Eddie Carbone (Matthew Defiore) has worked hard on the docks for years to provide for his wife Bea (Dolly Constantine) and her dead sister's daughter Catherine (Laura Collard), who has long been the light of his life. But things are changing: She's started wearing high heels and shorter skirts, and though she's as chaste and respectful as they come, Eddie feels his solid domestic and emotional ground shifting beneath him. As his distress mounts, we see what he doesn't quite suspect himself: that his love for his niece is not altogether healthy, or proper.

The situation is compounded when the family takes in Marco and Rodolpho (Jacob Cote and Dalton Kimball), who are here illegally from Italy, and there are immediate sparks between Catherine and the charismatic, jazz-singing Rodolpho. Eddie nastily baits his rival, questions his motives, and, most interestingly, insinuates that he's gay, all in the interest of keeping Catherine all to himself in his own house. Charles Kading's stunning set gracefully contrasts the comfort of that dull, dun-mauve house, with the brick alley outside — narrow but dramatically high, and shot with light dappled through leaves we can't see — where anything might happen to change what he knows.

Thanks to Mr. Alfieri's melancholy narrations (and Molloy is excellent; his fine-boned features and elegant, restrained gestures bespeak a thoughtful gentility not quite at home in Red Hook, nor possibly in America), we know nothing good is coming. The suspense, then, is in watching the characters' harrowing evolutions as the tragedy builds, and Power's cast delivers some remarkable performances. Constantine's Bea, when she talks, is all spit and vinegar and staccato hands, but in her silences she conveys the stoic resignation of Bea's lot in as little as her posture, her short moment of motionless self-appraisal in a mirror, and it's heartbreaking to watch her slow realizations about her husband take hold in her face.
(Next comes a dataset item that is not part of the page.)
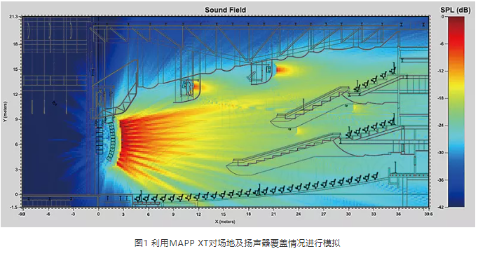 當(dāng)獲得足夠的場地信息之后,需要利用揚聲器廠家提供的模擬軟件(或者通過Ease Focus這種基于GLL文件的通用設(shè)計軟件)進(jìn)行建模,這些軟件可在可視化的條件下,實時調(diào)整并計算不同設(shè)計方案的覆蓋均勻度以及聲壓級分布,較為復(fù)雜的模擬軟件(如Ease)甚至可以將反射和墻面材質(zhì)的吸聲特性都考慮在內(nèi),實現(xiàn)對反射情況的模擬(見圖1)。系統(tǒng)建模和預(yù)測的重要作用在于讓系統(tǒng)工程師在裝臺開始之前就能夠做好全部的計劃和準(zhǔn)備工作,進(jìn)而起到減少正式施工時長并提高工作效率的作用。

As the unwitting center of Eddie's angst, Collard has exquisite, striking candor and sensitivity, and a lovely, bird-like fluency with Catherine's patois of patter. She also makes beautifully nuanced work of Catherine's arc, maturing into a woman apace her agonizing disillusionment with her uncle. As her lover, the blond and theatrical Rodolpho, Kimball is graceful, funny, and full of life; he too navigates a wonderfully subtle shift from early sexual attraction to deeper feeling and understanding about what Catherine's going through.

And as the man whose asks the impossible of her, Defiore fully conveys his sad-sack pathos, self-doubt, and susceptibility; his Eddie wrenches the heart when he chokes up and breaks down.